------ Dataset content

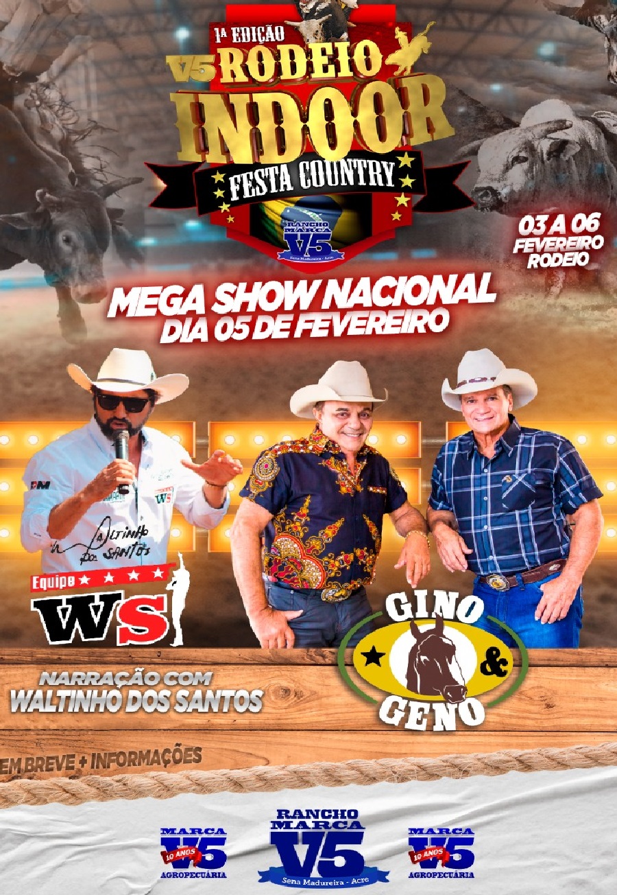 A cidade de Sena Madureira sediará, entre os dias 03 a 06 de fevereiro, a 1ª edição do V5 Rodeio Indoor. A festa country, organizada pelo Rancho Marca V5, contará com show nacional de Gino e Geno e promete movimentar a cidade.
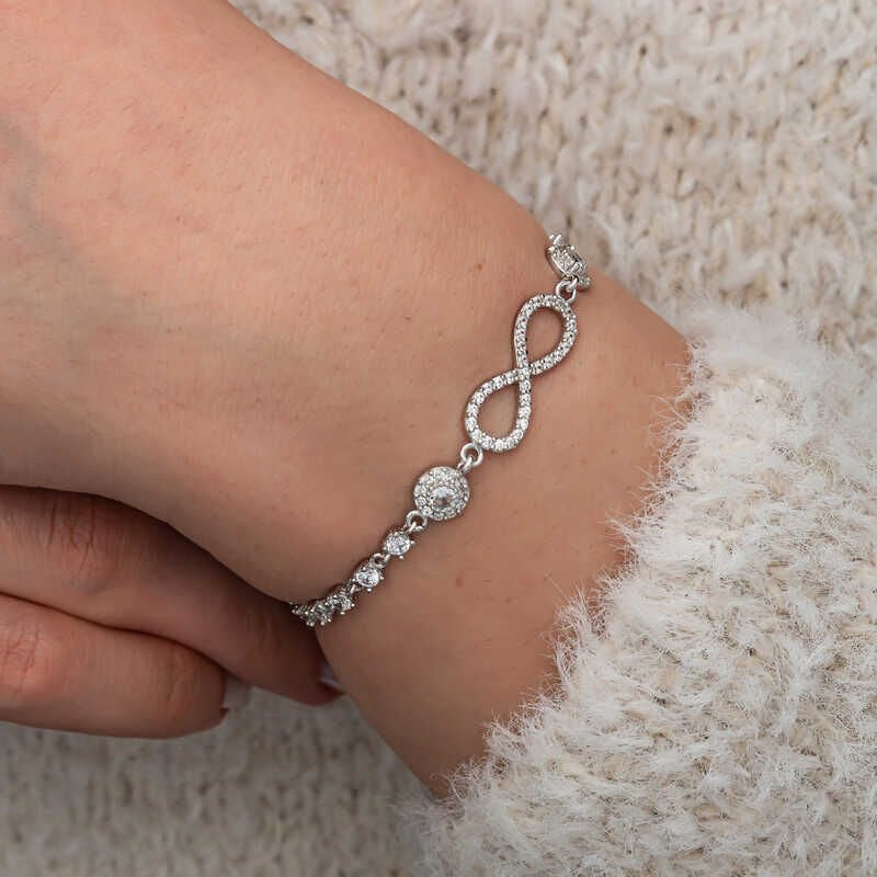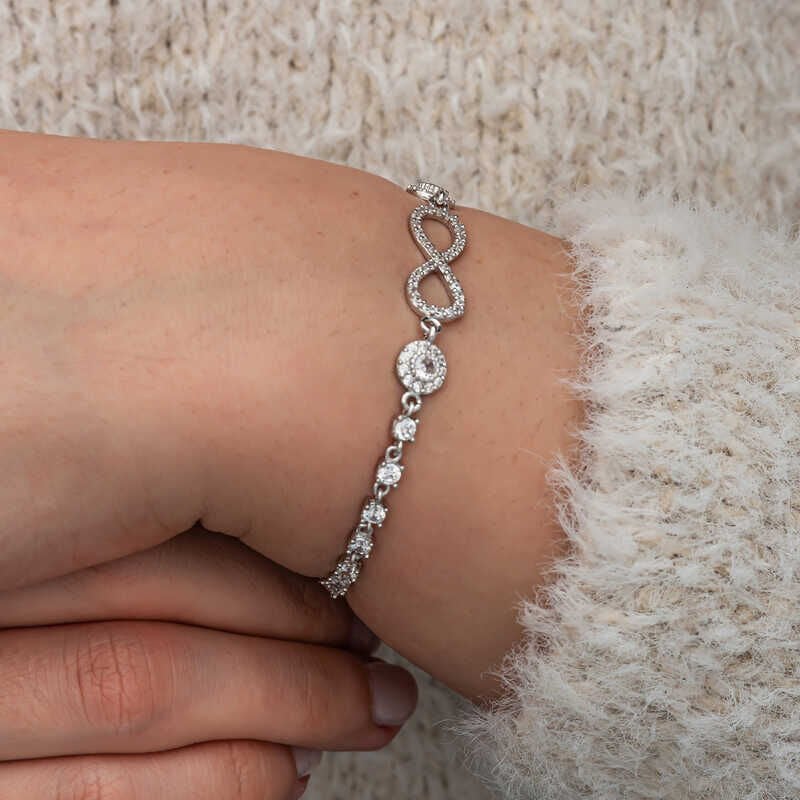 Gümüş Zirkon Taşlı Sonsuzluk Kadın Bileklik
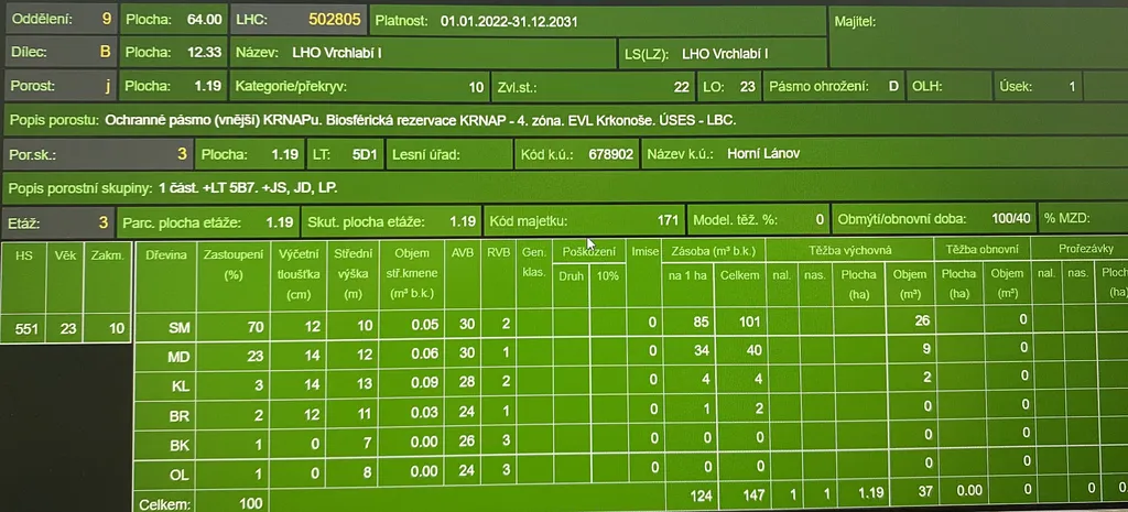 Prodej lesního pozemku a pozemku vedeného jako ostatní plocha v katastrálním území Horní Lánov, obec Lánov, okr. Trutnov. Jedná se o pozemek p.č. 3066 o výměře 11.269 m² (lesní pozemek) a o pozemek p.č. 3057 o výměře 4.009 m² (ostatní plocha). Celková výměra pozemků činí 15.278 m². Pozemky jsou situovány na rovině až mírně svažitém terénu. Pozemek ostatní plochy je veden jako ostatní komunikace a slouží jako přístupová cesta k lesnímu pozemku. Na pozemku se nachází stromořadí lemující nezpevněnou cestu. Na ploše lesního pozemku se nachází lesní porost smrku, modřínu, javoru, buku, olše a břízy ve věku 26 let. Lesní porost je udržovaný, zdravý a bez těžebního zásahu. Lze zde provést výchovnou těžbu v objemu 37 m3. Oba pozemky jsou dobře přístupné. Foto je aktuální. List vlastnictví č. 748. Informace na tel. nebo e-mailu.
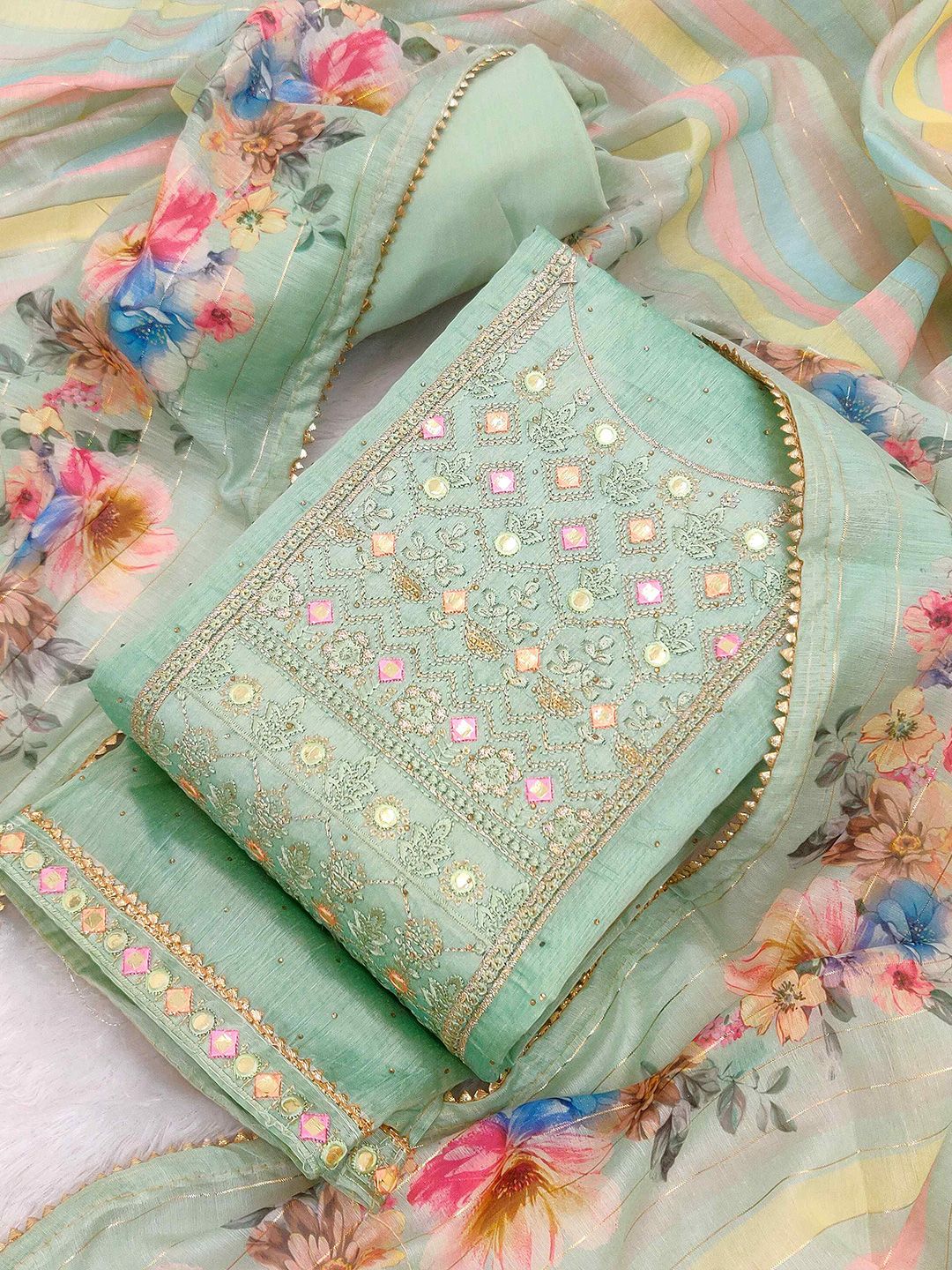TAVAS presents this elegant Green Dress Material crafted for Women. Made using premium Not Available, this outfit features a refined Not Available silhouette, a stylish Not Available neckline and Not Available. The Not Available hemline and Not Available length complete the look. Perfect for Festive wear.

------------

Aim of the task
Your copy of the listing should match it exactly, apart from the pictures, which are left out.

Response
 A cidade de Sena Madureira sediará, entre os dias 03 a 06 de fevereiro, a 1ª edição do V5 Rodeio Indoor. A festa country, organizada pelo Rancho Marca V5, contará com show nacional de Gino e Geno e promete movimentar a cidade.
 Gümüş Zirkon Taşlı Sonsuzluk Kadın Bileklik
 Prodej lesního pozemku a pozemku vedeného jako ostatní plocha v katastrálním území Horní Lánov, obec Lánov, okr. Trutnov. Jedná se o pozemek p.č. 3066 o výměře 11.269 m² (lesní pozemek) a o pozemek p.č. 3057 o výměře 4.009 m² (ostatní plocha). Celková výměra pozemků činí 15.278 m². Pozemky jsou situovány na rovině až mírně svažitém terénu. Pozemek ostatní plochy je veden jako ostatní komunikace a slouží jako přístupová cesta k lesnímu pozemku. Na pozemku se nachází stromořadí lemující nezpevněnou cestu. Na ploše lesního pozemku se nachází lesní porost smrku, modřínu, javoru, buku, olše a břízy ve věku 26 let. Lesní porost je udržovaný, zdravý a bez těžebního zásahu. Lze zde provést výchovnou těžbu v objemu 37 m3. Oba pozemky jsou dobře přístupné. Foto je aktuální. List vlastnictví č. 748. Informace na tel. nebo e-mailu.
TAVAS presents this elegant Green Dress Material crafted for Women. Made using premium Not Available, this outfit features a refined Not Available silhouette, a stylish Not Available neckline and Not Available. The Not Available hemline and Not Available length complete the look. Perfect for Festive wear.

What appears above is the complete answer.